In the paper [38], Baich et al. examined how varying infill percentages impacted the mechanical strength and production costs of 3D-printed ABS components. They conducted experiments with infill percentages set at 50%, 75%, and 100%. Their findings revealed that components created with 100% infill consistently exhibited superior mechanical properties when compared to those with 50% infill.

Yadav et al. [39] explore the effects of infill density, material density, and extrusion temperature on the mechanical characteristics of ABS, PETG, and multi-material samples produced through FDM printing in their study. They create multi-material specimens by alternately layering 50% ABS and 50% PETG using FDM 3D printing. The researchers emphasize that the ultimate tensile strength (UTS) experiences a 20% increase when the infill proportion is raised from 20% to 60%.

Samykano et al. [40] investigated how various printing parameters, such as the infill percentage, affect the mechanical properties of ABS printed using FDM. They also developed a mathematical model for the numerical prediction of these properties, employing response surface methodology.

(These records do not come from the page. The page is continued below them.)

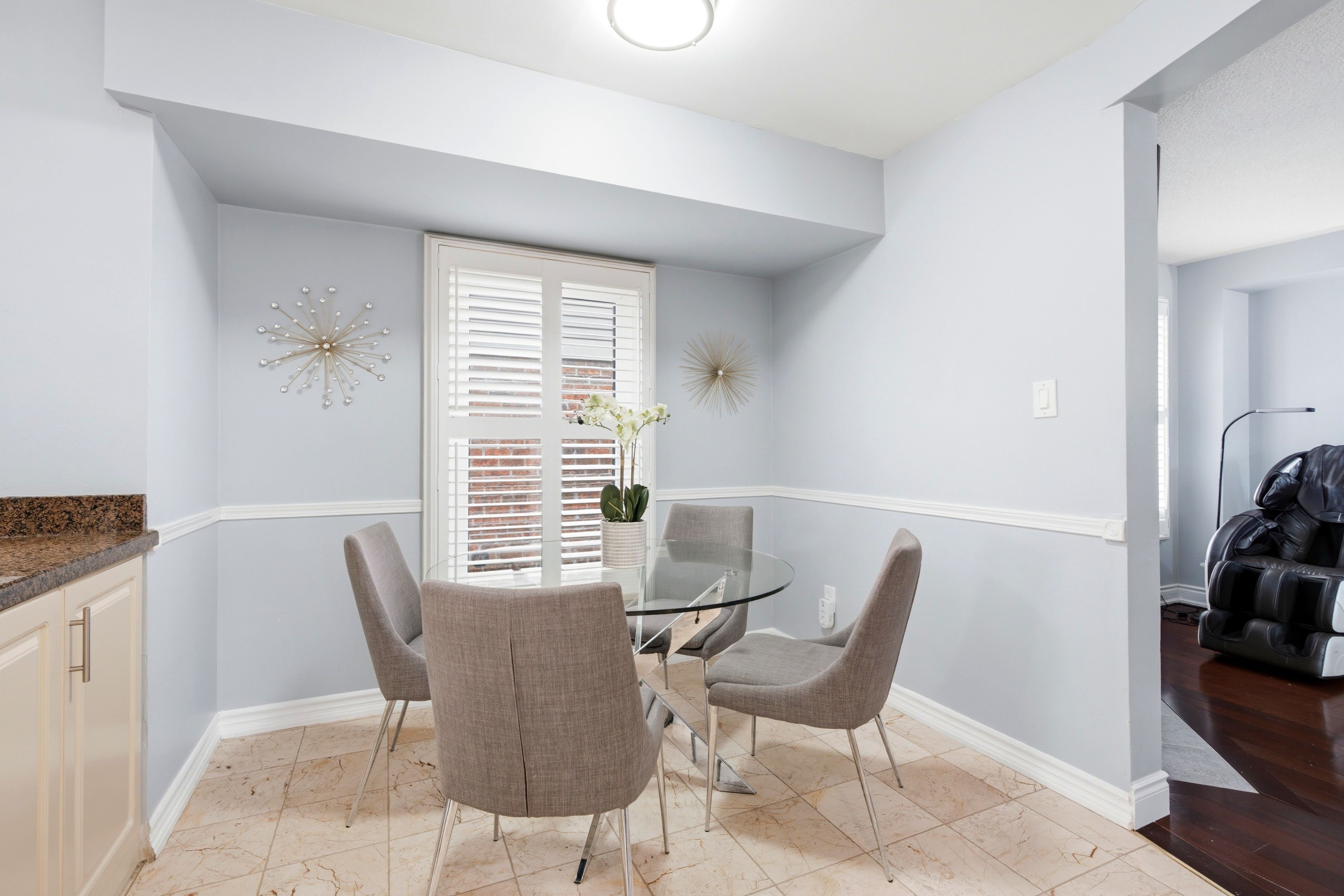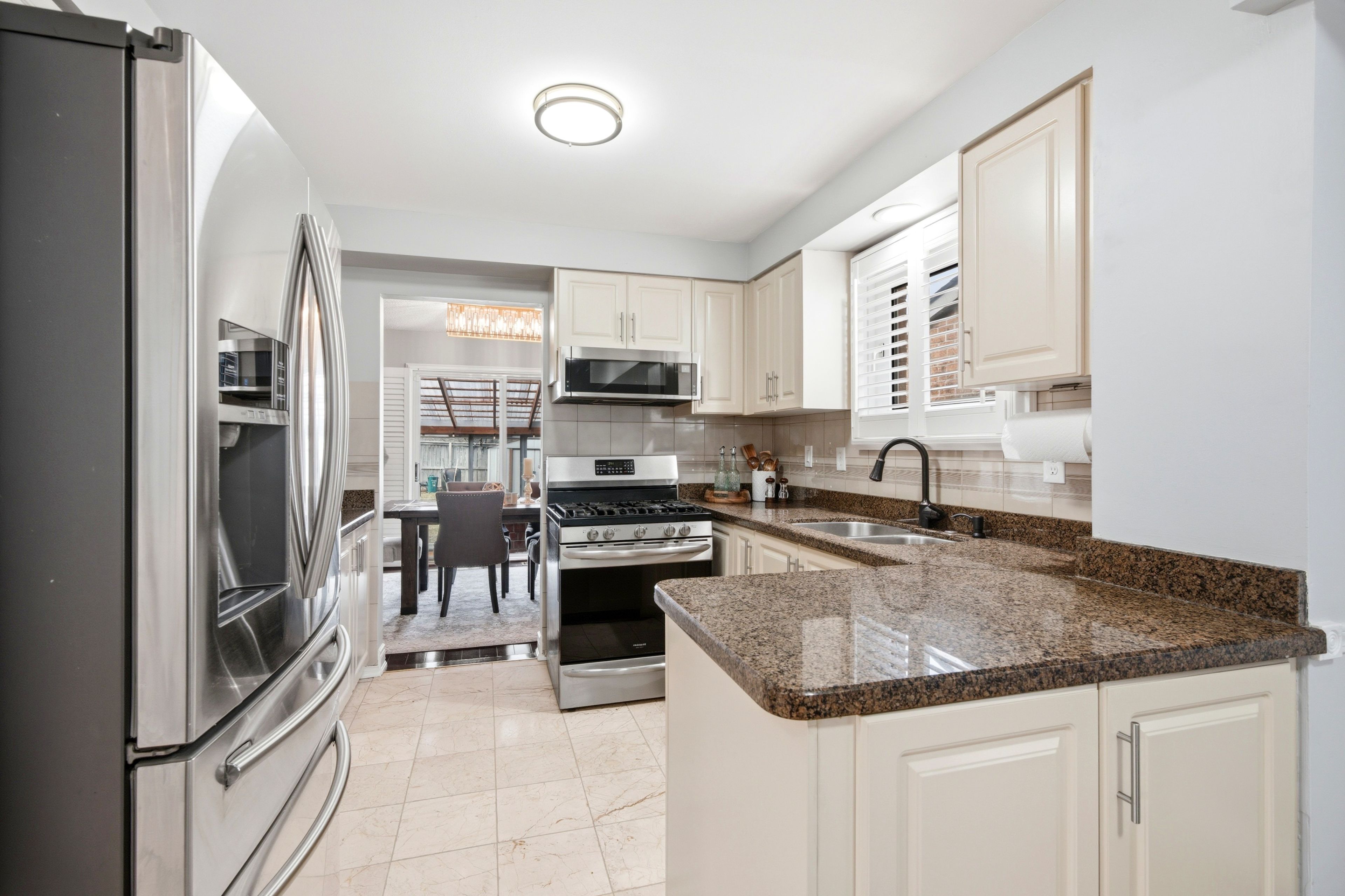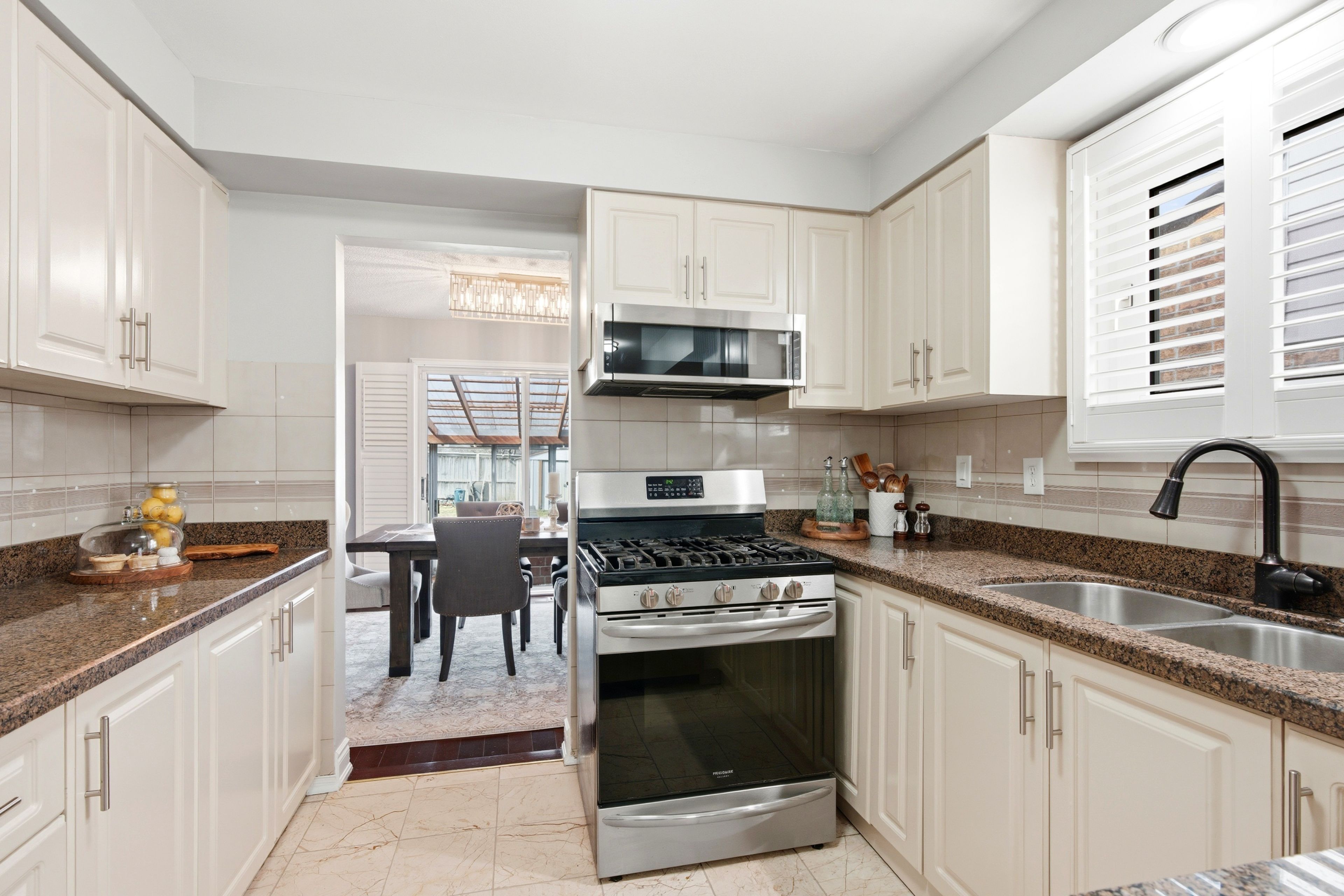 • Cozy eat-in kitchen with dining area overlooking the sunroom.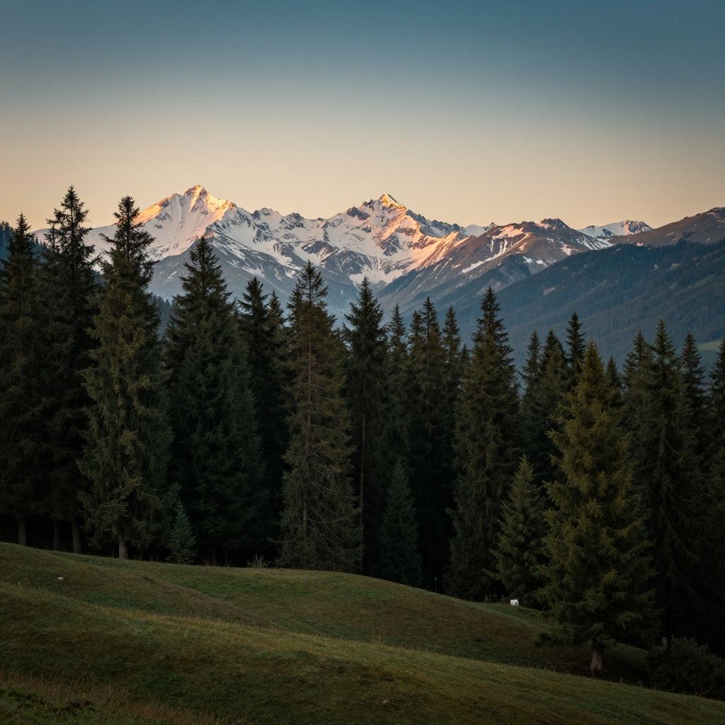 Scenic Pine Forest with Snowy Mountains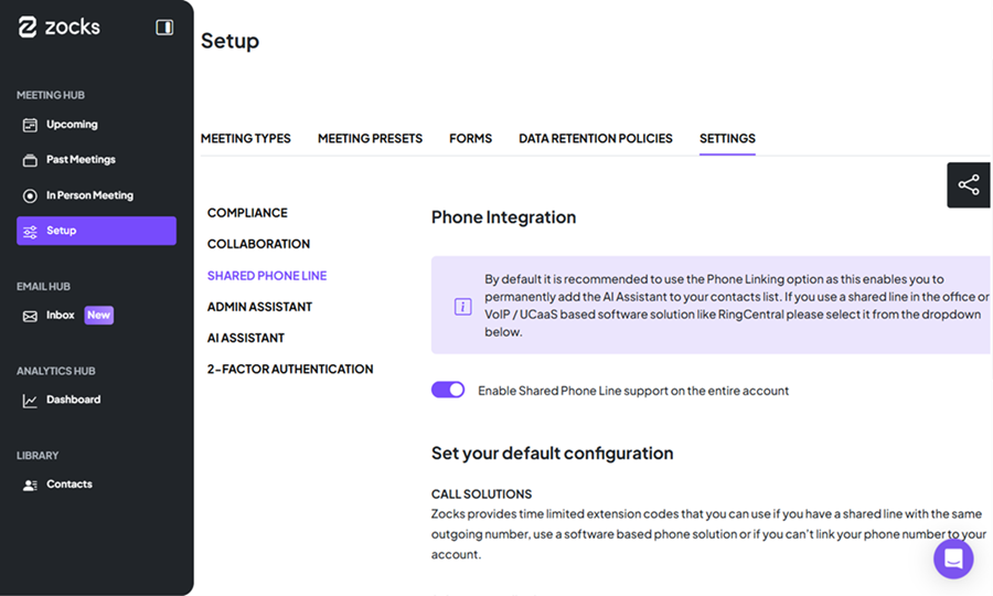 - Make sure this feature is included in your Zocks subscription tier. Navigate to Setup > Settings > Shared Phone Line.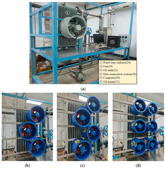 Figure 9c,g,k, on the one hand, the two fans near the oil inlet are located at a higher position, where the insulating oil at this position has a larger temperature difference with the environment, resulting in stronger heat dissipation. On the other hand, the fins with smaller serial numbers are closer to the oil inlet of the manifold, which also leads to enhanced heat dissipation performance. Finally, in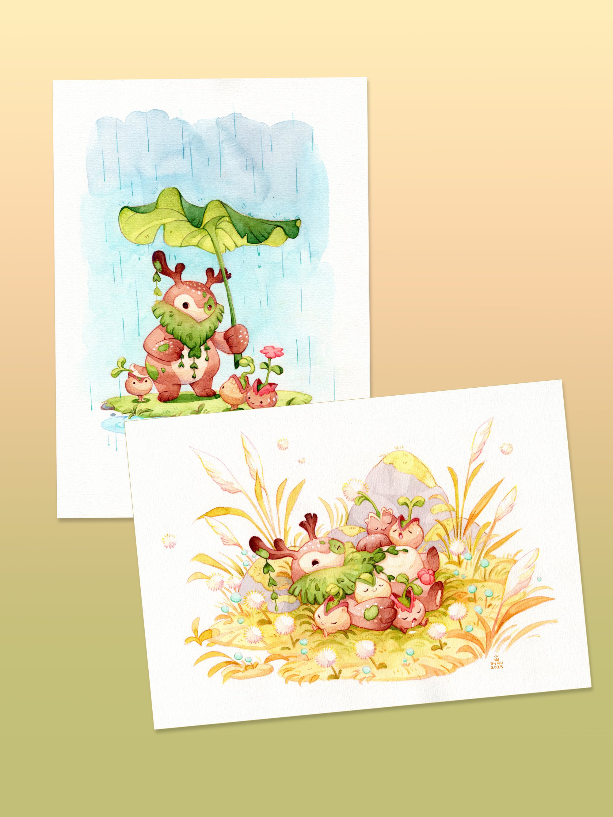 + FINE ART PRINT of traditional watercolor illustrations of nature guardians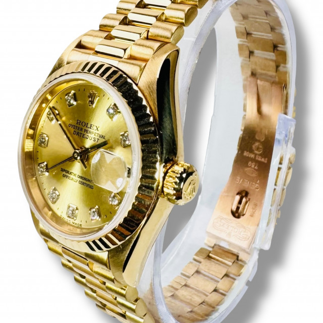 26 mm, Quickset Date, 18kt Yellow Gold Bracelet, Champagne Dial, Excellent Condition, Box, Booklets, Certificate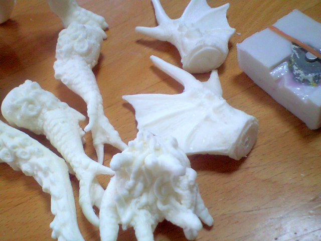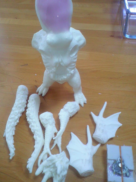 昨夜ダイレクトメールにて受注。夜のうちに流し込みをおこない、今とりだしたばかりの妖蛸クゥトゥルー「レジパッチン」領布2号♪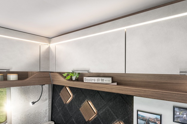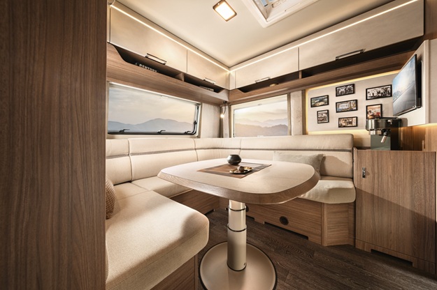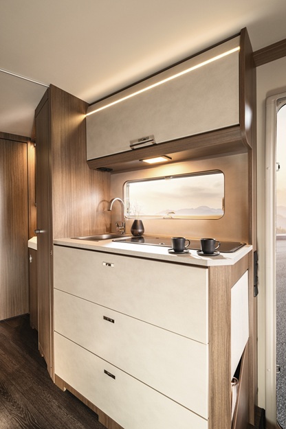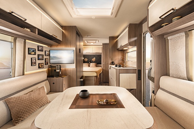 Dompel u zelf onder in de wereld van TABBERT CAZADORA, waar levendige luxe en gezellig comfort samen een onvergelijkbare sfeer creëren. Elk aspect van het interieur, van het zorgvuldig gekozen materialenpalet met warme houttinten en heldere accenten tot de handgemaakte wandpanelen in het exclusieve TABBERT‐ruitdesign, getuigt van oprechte aandacht voor detail en esthetisch raffinement.

Their research showed notable enhancements in both tensile strength and Young’s modulus correlating with an increase in infill percentage.

In the paper [41], the authors determined that raising the infill percentage from 20% to 50% in ABS results in a 26% enhancement in ultimate tensile strength (UTS), a 24% increase in yield stress, a 45% boost in Young’s modulus, and a slight 1% improvement in elongation at break.

ABS-like resin is part of the group of thermoplastic polymers consisting of three components: acrylonitrile, butadiene, and styrene [47,48,49,50,51,52,53]. As reported in [49], the presence of acrylonitrile enhances the thermal and chemical resilience, along with the surface hardness of the end product. Meanwhile, butadiene plays a crucial role in augmenting the toughness and impact resistance, whereas styrene is instrumental in improving processability, rigidity, and the overall strength of the material.

ABS-like resins are well-suited for 3D printing components that require moderate detailing, high durability, and adequate functionality [50]. ABS-like resins are highly regarded in the industrial sector for their adaptability and superior characteristics. Often utilized in 3D printing, these resins enable the production of components with decent detailing, robust strength, and effective functionality. Their extensive utilization encompasses the fabrication of computer consoles, domestic materials, components for both the interior and exterior of vehicles, luggage items, and a variety of piping systems [54].

ABS-like resin material is accessible for commercial purposes; however, it lacks extensive mechanical research, resulting in limited available literature [47]. In the paper [47], Golubović et al. conducted an extensive mechanical examination of both ABS and similar polymers produced via additive manufacturing techniques such as FDM, SLA, and DLP. The research utilized test samples with a complete infill density and a print orientation of 90 degrees. The mechanical characteristics were evaluated using tests for tensile strength, bending, and compression, as well as analyses of the morphology, size precision, and Shore A hardness. The outcomes of the tensile experiments revealed that the toughness offered by the FDM technique constitutes roughly 40% of that attained through DLP, with the elongation at break in FDM reaching 37% of DLPs. Furthermore, the ultimate tensile stress of SLA was observed to surpass that of FDM by an estimated 27%.

As highlighted through a review of the relevant scientific literature, ABS filaments have been well-researched through various mechanical tests. However, in the case of ABS-like resin, the author of this article notes and identifies a scientific gap in this domain. Various factors influence the final product’s quality, making continuous material testing in different 3D printing processes crucial.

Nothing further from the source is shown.